## Problem to work on
Using the records below, write out only the lines from the line containing "Figure 11a–d show" up to and including the line containing "문제 링크 : https://www.acmicpc.net/problem/1259", exactly, with no pictures.

## Entries supplied
★ ★ ★ ★
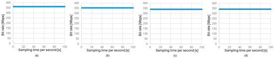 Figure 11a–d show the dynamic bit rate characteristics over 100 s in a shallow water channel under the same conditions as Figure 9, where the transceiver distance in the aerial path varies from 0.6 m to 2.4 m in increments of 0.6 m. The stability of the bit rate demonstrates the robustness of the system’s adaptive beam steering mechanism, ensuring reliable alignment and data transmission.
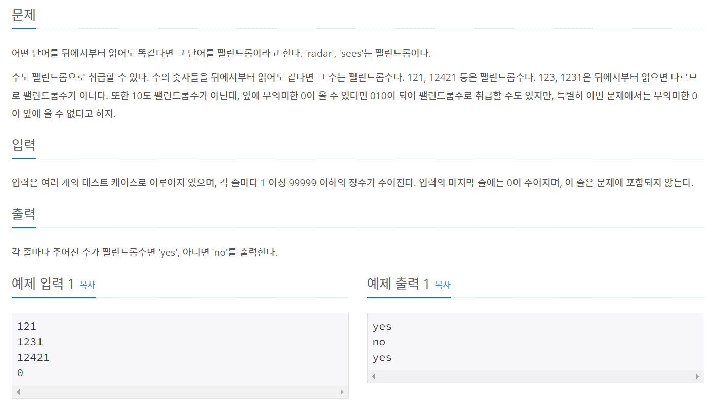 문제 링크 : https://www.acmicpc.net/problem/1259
★ ★ ★ ★
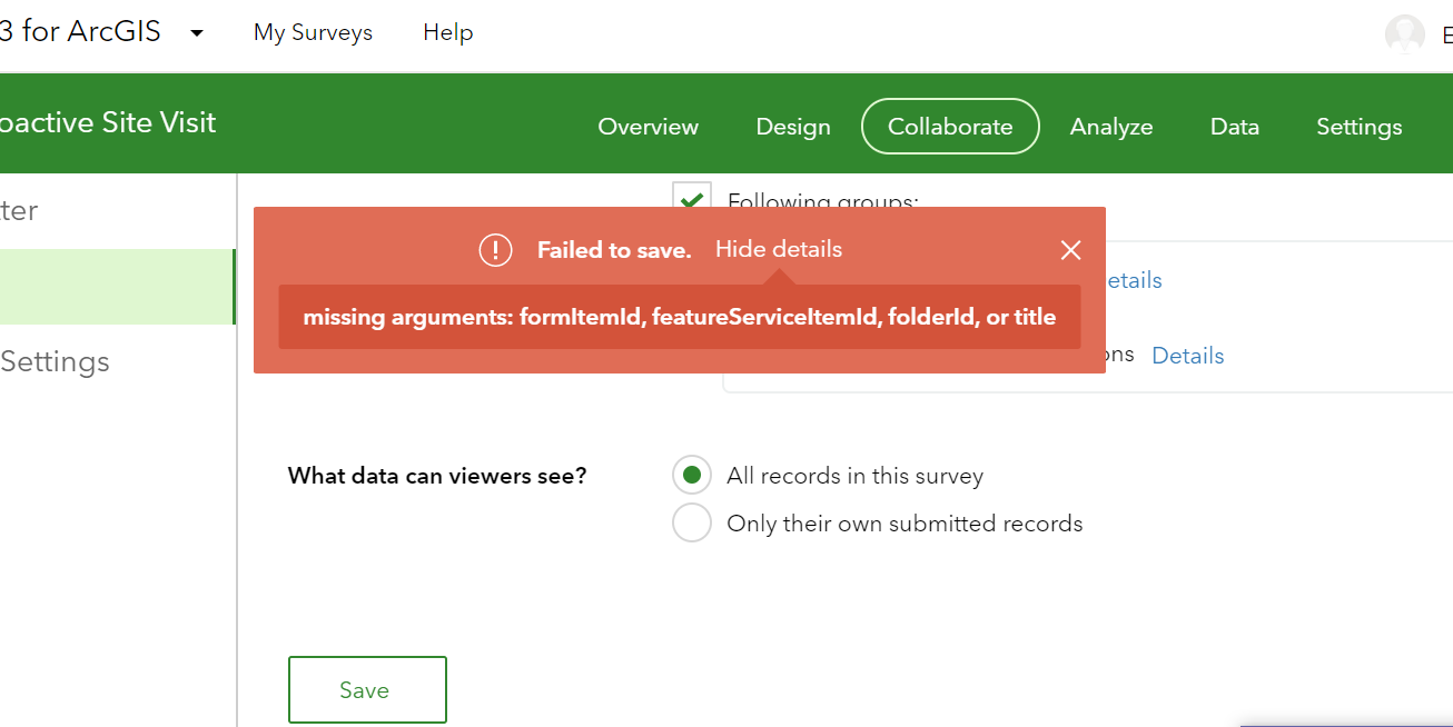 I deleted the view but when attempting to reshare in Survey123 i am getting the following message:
★ ★ ★ ★
## Problem solution
 Figure 11a–d show the dynamic bit rate characteristics over 100 s in a shallow water channel under the same conditions as Figure 9, where the transceiver distance in the aerial path varies from 0.6 m to 2.4 m in increments of 0.6 m. The stability of the bit rate demonstrates the robustness of the system’s adaptive beam steering mechanism, ensuring reliable alignment and data transmission.
 문제 링크 : https://www.acmicpc.net/problem/1259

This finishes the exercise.